- [Work order] Print out every line of the material exactly. Include no pictures.

- [Provided entries]

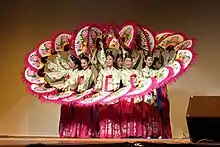This dance is performed at many celebrations and events in Korea, and has become popular worldwide. Dancers use large fans painted with pink peony blossoms to create various formations that represent images such as birds, flowers, butterflies, dragons and waves. The dancers wear brightly coloured hanbok, the Korean traditional dress.[4] The outfit itself is considered an essential element in the overall performance. This includes a traditional Korean hanbok that includes the Chima (skirt) and Jeogori (jacket). The accessories includes various hair accessories such as ornamental hairpins or ribbons. There is also the Buchae (fans) that are large and colorful which adds an eye-catching dynamic to the overall flow of the dance. [5] Buchaechum is usually performed with minyo (folk song) or sanjo (instrumental solo) accompaniment, though court and ritual music is often used as well. The dance is known for showcasing the elegant and graceful aspects of classical technique in a format suitable for modern audiences. [6]
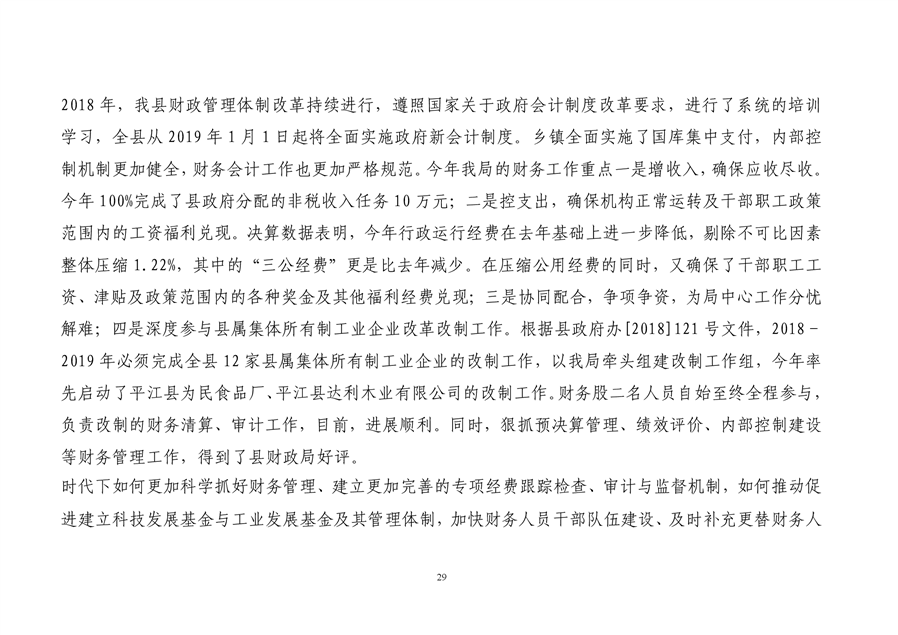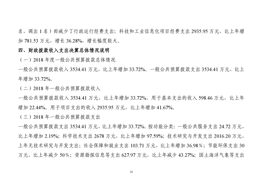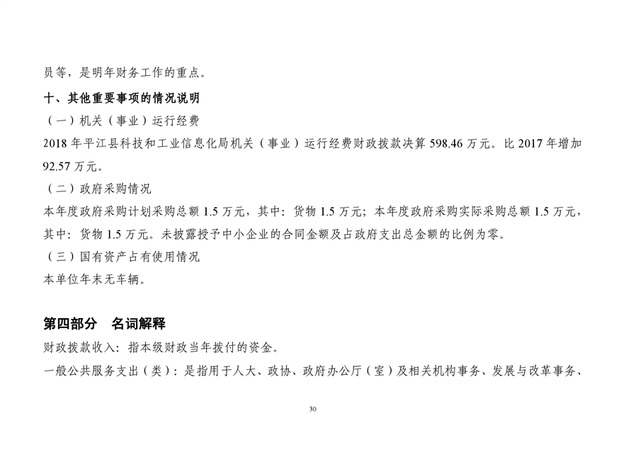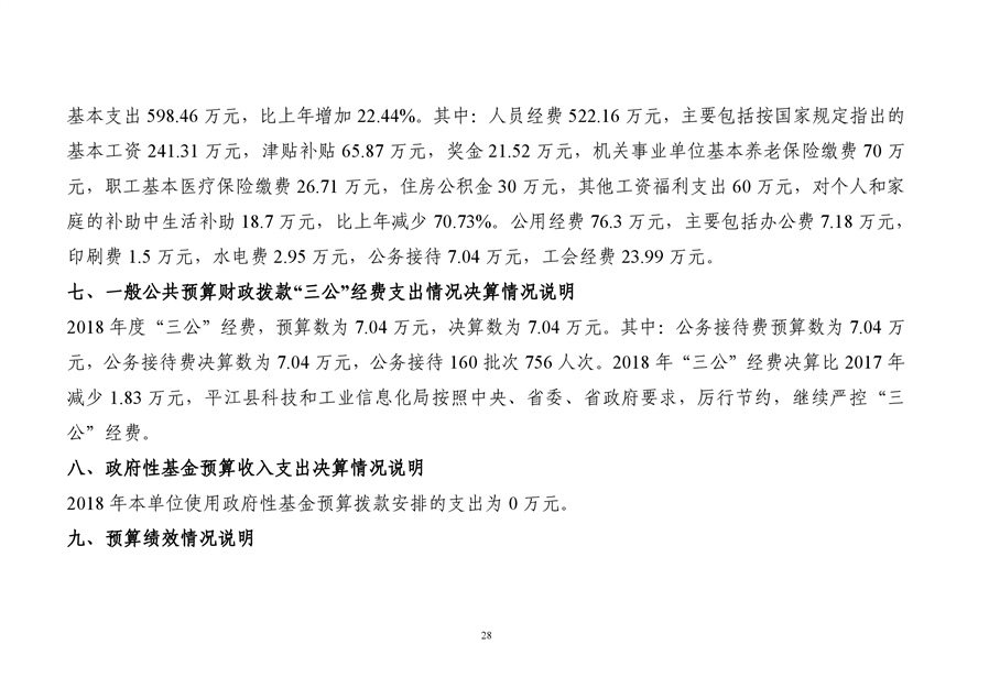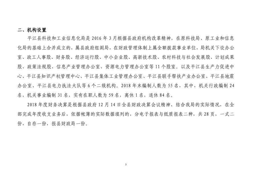 平江县科技和工业信息化局2018年度财务决算编报说明
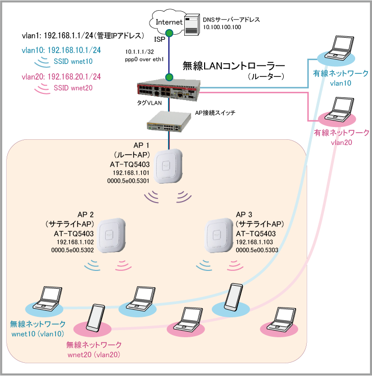 10 192.168.10.0/24 ユーザーVLAN。無線ネットワーク wnet10 はこのVLANに所属する
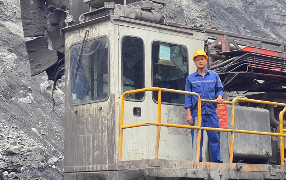 Công việc của anh gắn liền với chiếc máy khoan Sandvik D50 KS - một thiết bị lớn, hiện đại nhưng tiềm ẩn nhiều nguy cơ mất an toàn do đặc thù địa hình đồi núi, moong sâu và cường độ vận hành cao.
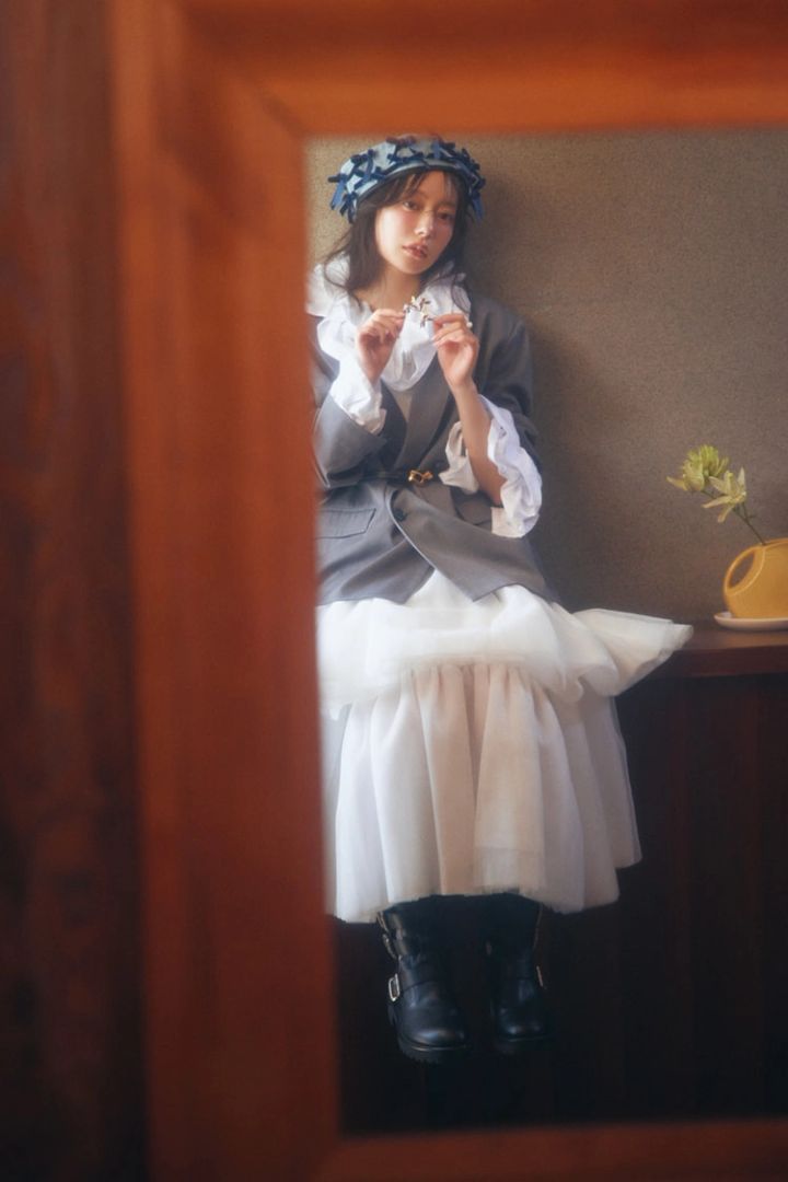 ジャケット 23,100円、エンジニアブーツ 34,100円/ともにレイ ビームス、リング 30,250円/サスキア ディーズ(以上レイ ビームス新宿)フリルブラウス 35,200円/MIYAO チュールスカート 13,860円/Carmelo(アンティローザ)リボンハット 35,200円/ブランク(H3O ファッションビュロー)ベルト 11,000円/ブリー レオン(ジャック・オブ・オール・トレーズ)シアーソックス/スタイリスト私物
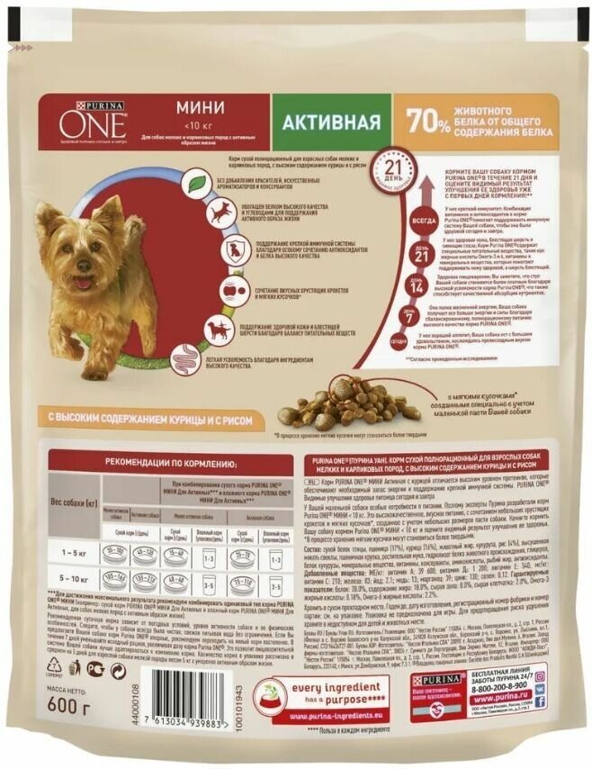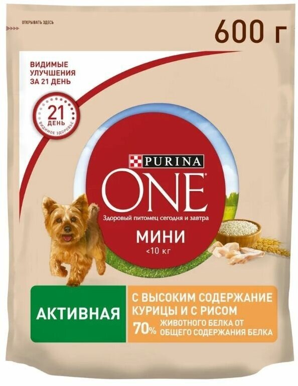 Корм для собак Сухой корм с курицей и рисом 600 гр Purina One Мини, 1 шт
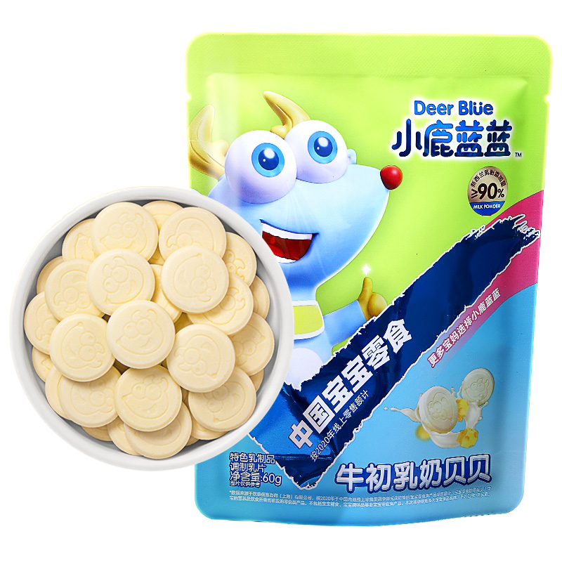 小鹿蓝蓝定位为“三只松鼠旗下互联网婴童食品专业品牌”,为中国家庭提供一站式的科学喂养方案。小鹿蓝蓝旗下产品包含辅食核桃粉、溶豆、海苔、奶酪、饼干等多款食品,产品均不含香精、防腐剂、色素、甜味剂,很好地契合了当下年轻父母对健康营养、食品安全的核心诉求。这款Deer Blue 小鹿蓝蓝 牛初乳奶贝贝采用木糖醇代替白砂糖,呵护宝宝的牙齿,用奶贝贝代替高糖零食,养成健康饮食习惯,远离糖依赖,矫正宝宝味觉。特别添加牛初乳粉,帮助提高宝宝抵抗力,富含钙、维生素和矿物质,口感细腻不沾牙,酥脆十六,质地清爽。不添加白砂糖、香精、色素、奶精和植脂末,宝宝吃得更安心。
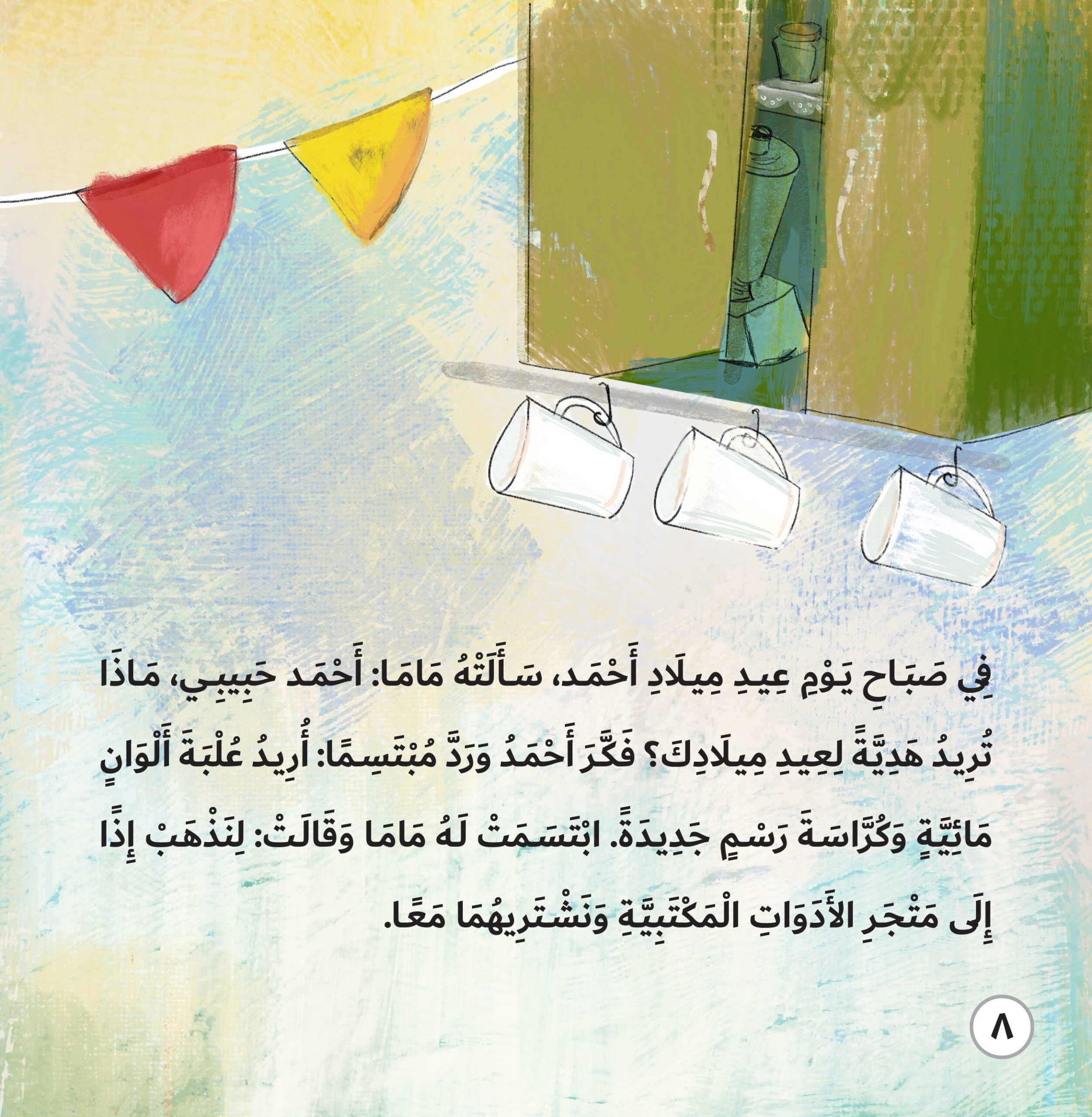 تدور القصة حول الطفل “احمد” الذي يحب الرسم كثيرًا لذا يذهب مع والدته لشراء علبة ألوان وفرشاة تلوين وكراسة رسم جديدة بمناسبة عيد ميلاده.
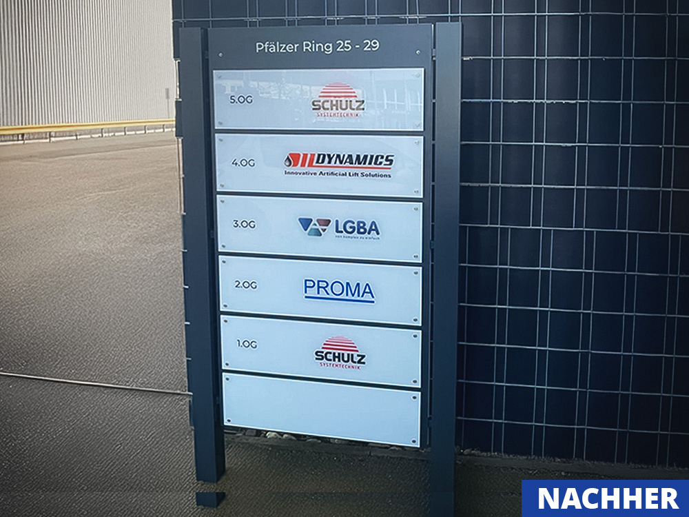 Jedes Schild zeigt das jeweilige Logo der Mieter in Kombination mit der entsprechenden Etage, wodurch eine klare Zuordnung und schnelle Orientierung vor Ort ermöglicht wird. Die Straßenbezeichnung wurde mittels Hochleistungsfolie umgesetzt und präzise in die Gesamtgestaltung integriert.
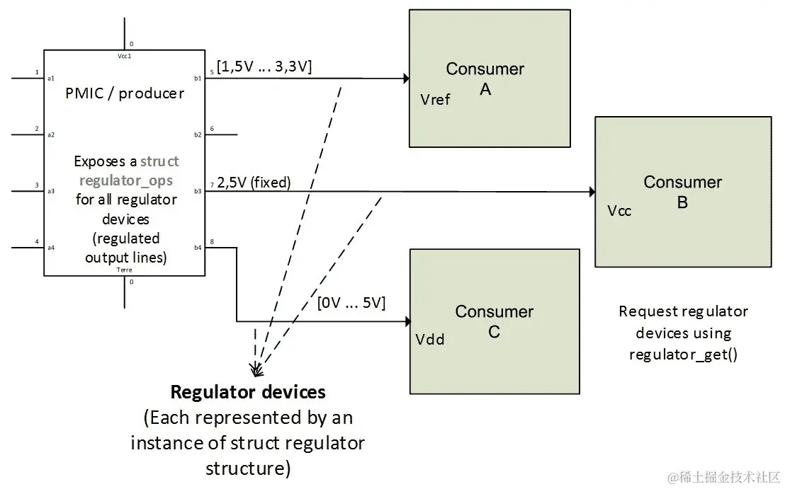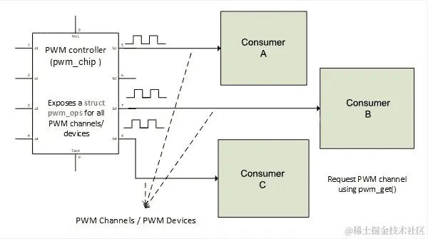 消费者接口:由控制器公开的使用 PWM 线的设备。此类设备的驱动程序使用控制器导出的辅助函数,通过通用 PWM 框架。
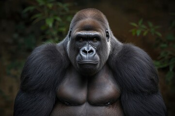 Beautiful Portrait of a Gorilla. Male gorilla on black background, severe silverback, anthropoid ape.
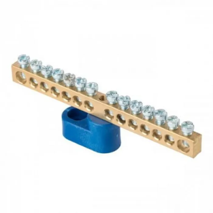 Шина "0" N (6х9мм) 14 отверстий латунь синий угловой изолятор EKF PROxima, Нижний Новгород
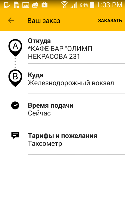 - Звуковой сигнал проинформирует вас о прибытии такси;
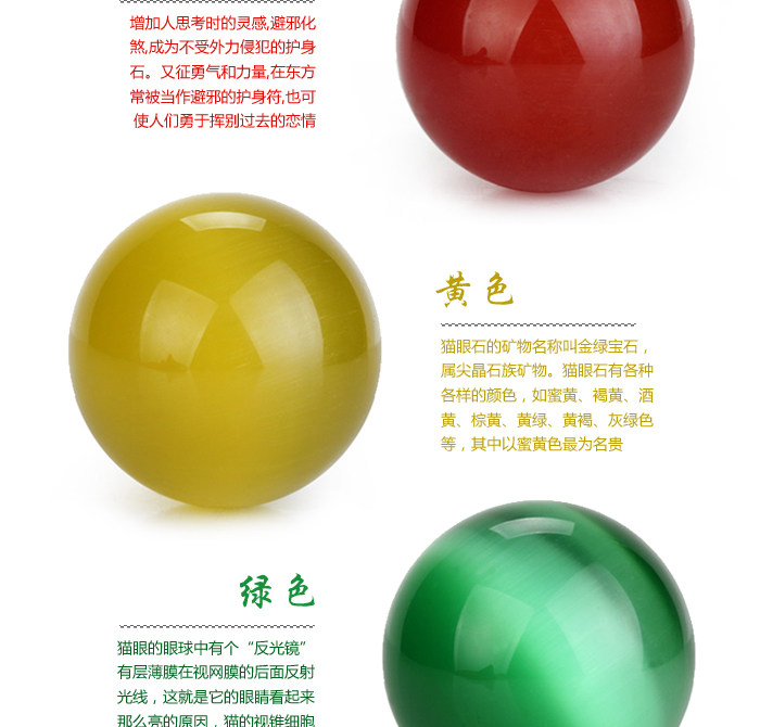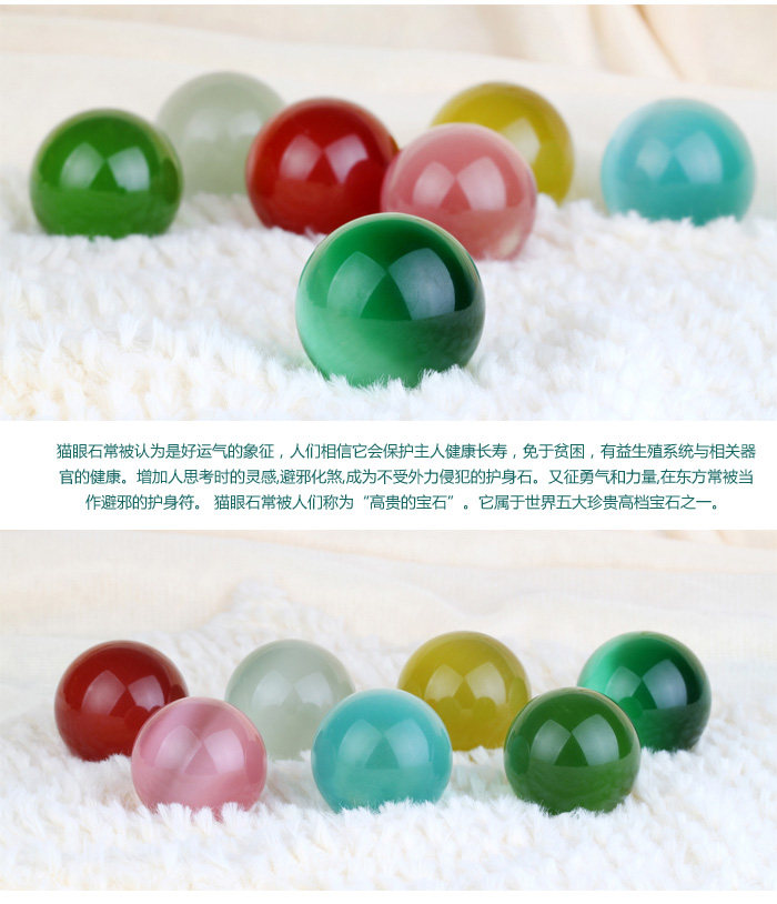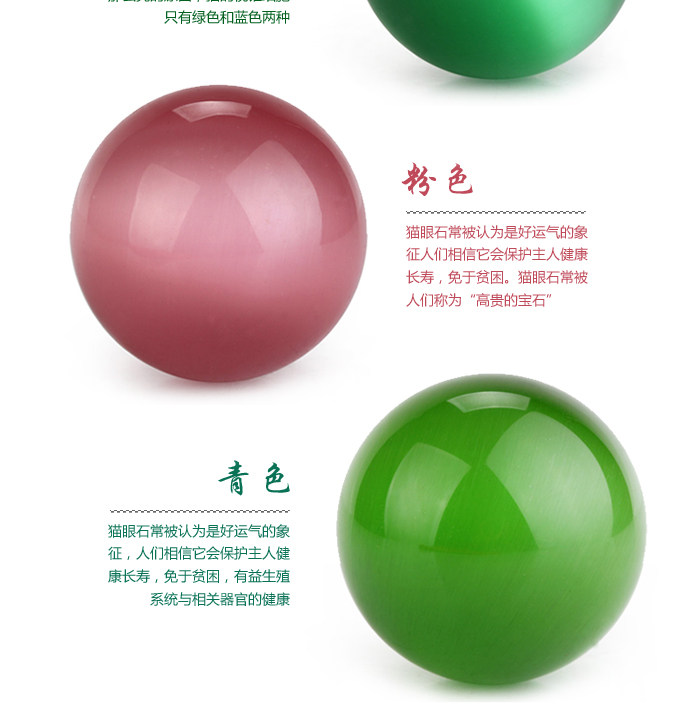 In Southeast Asia, cat's eye stone is often seen as a symbol of good luck, people believe that it will protect master longevity and health, from poverty, useful and relevant organs of the reproductive system health;promote the regeneration and blood circulation, have to raise frequency beauty renew one's youth effect. Can improve the skin problems, to prevent the deterioration of the wound. Increase when people think of inspiration, evil Hua Sha, be not affected by external forces invadedtalisman. Another sign of courage and strength, in the East, often regarded as the talismanic amulet, also can make people have the courage to say goodbye to the past. Cat's eye stone is often known as the "noble gem". It belongs to one of the world's five major preciousgemstones and stone. British gem collectors Hope a famous collection ofcat's eye stone, this stone was carved into the shape of the altar symbol,on top of a torch, the gem spherical, diameter of about 1-1.5 inches.Cat's eye stone is mainly produced in the gas into the hydrothermal deposits and pegmatite vein. The world's most famous origin opal issouthwest of Sri Lanka's Nebraska Ternana and high your land, Brazil and Russia and other countries also found a cat's eye, but very rare.

- [Response to this exercise]
This dance is performed at many celebrations and events in Korea, and has become popular worldwide. Dancers use large fans painted with pink peony blossoms to create various formations that represent images such as birds, flowers, butterflies, dragons and waves. The dancers wear brightly coloured hanbok, the Korean traditional dress.[4] The outfit itself is considered an essential element in the overall performance. This includes a traditional Korean hanbok that includes the Chima (skirt) and Jeogori (jacket). The accessories includes various hair accessories such as ornamental hairpins or ribbons. There is also the Buchae (fans) that are large and colorful which adds an eye-catching dynamic to the overall flow of the dance. [5] Buchaechum is usually performed with minyo (folk song) or sanjo (instrumental solo) accompaniment, though court and ritual music is often used as well. The dance is known for showcasing the elegant and graceful aspects of classical technique in a format suitable for modern audiences. [6]
 平江县科技和工业信息化局2018年度财务决算编报说明
 10 192.168.10.0/24 ユーザーVLAN。無線ネットワーク wnet10 はこのVLANに所属する
 Công việc của anh gắn liền với chiếc máy khoan Sandvik D50 KS - một thiết bị lớn, hiện đại nhưng tiềm ẩn nhiều nguy cơ mất an toàn do đặc thù địa hình đồi núi, moong sâu và cường độ vận hành cao.
 ジャケット 23,100円、エンジニアブーツ 34,100円/ともにレイ ビームス、リング 30,250円/サスキア ディーズ(以上レイ ビームス新宿)フリルブラウス 35,200円/MIYAO チュールスカート 13,860円/Carmelo(アンティローザ)リボンハット 35,200円/ブランク(H3O ファッションビュロー)ベルト 11,000円/ブリー レオン(ジャック・オブ・オール・トレーズ)シアーソックス/スタイリスト私物
 Корм для собак Сухой корм с курицей и рисом 600 гр Purina One Мини, 1 шт
 小鹿蓝蓝定位为“三只松鼠旗下互联网婴童食品专业品牌”,为中国家庭提供一站式的科学喂养方案。小鹿蓝蓝旗下产品包含辅食核桃粉、溶豆、海苔、奶酪、饼干等多款食品,产品均不含香精、防腐剂、色素、甜味剂,很好地契合了当下年轻父母对健康营养、食品安全的核心诉求。这款Deer Blue 小鹿蓝蓝 牛初乳奶贝贝采用木糖醇代替白砂糖,呵护宝宝的牙齿,用奶贝贝代替高糖零食,养成健康饮食习惯,远离糖依赖,矫正宝宝味觉。特别添加牛初乳粉,帮助提高宝宝抵抗力,富含钙、维生素和矿物质,口感细腻不沾牙,酥脆十六,质地清爽。不添加白砂糖、香精、色素、奶精和植脂末,宝宝吃得更安心。
 تدور القصة حول الطفل “احمد” الذي يحب الرسم كثيرًا لذا يذهب مع والدته لشراء علبة ألوان وفرشاة تلوين وكراسة رسم جديدة بمناسبة عيد ميلاده.
 Jedes Schild zeigt das jeweilige Logo der Mieter in Kombination mit der entsprechenden Etage, wodurch eine klare Zuordnung und schnelle Orientierung vor Ort ermöglicht wird. Die Straßenbezeichnung wurde mittels Hochleistungsfolie umgesetzt und präzise in die Gesamtgestaltung integriert.
 消费者接口:由控制器公开的使用 PWM 线的设备。此类设备的驱动程序使用控制器导出的辅助函数,通过通用 PWM 框架。
 Beautiful Portrait of a Gorilla. Male gorilla on black background, severe silverback, anthropoid ape.
 Шина "0" N (6х9мм) 14 отверстий латунь синий угловой изолятор EKF PROxima, Нижний Новгород
 - Звуковой сигнал проинформирует вас о прибытии такси;
 In Southeast Asia, cat's eye stone is often seen as a symbol of good luck, people believe that it will protect master longevity and health, from poverty, useful and relevant organs of the reproductive system health;promote the regeneration and blood circulation, have to raise frequency beauty renew one's youth effect. Can improve the skin problems, to prevent the deterioration of the wound. Increase when people think of inspiration, evil Hua Sha, be not affected by external forces invadedtalisman. Another sign of courage and strength, in the East, often regarded as the talismanic amulet, also can make people have the courage to say goodbye to the past. Cat's eye stone is often known as the "noble gem". It belongs to one of the world's five major preciousgemstones and stone. British gem collectors Hope a famous collection ofcat's eye stone, this stone was carved into the shape of the altar symbol,on top of a torch, the gem spherical, diameter of about 1-1.5 inches.Cat's eye stone is mainly produced in the gas into the hydrothermal deposits and pegmatite vein. The world's most famous origin opal issouthwest of Sri Lanka's Nebraska Ternana and high your land, Brazil and Russia and other countries also found a cat's eye, but very rare.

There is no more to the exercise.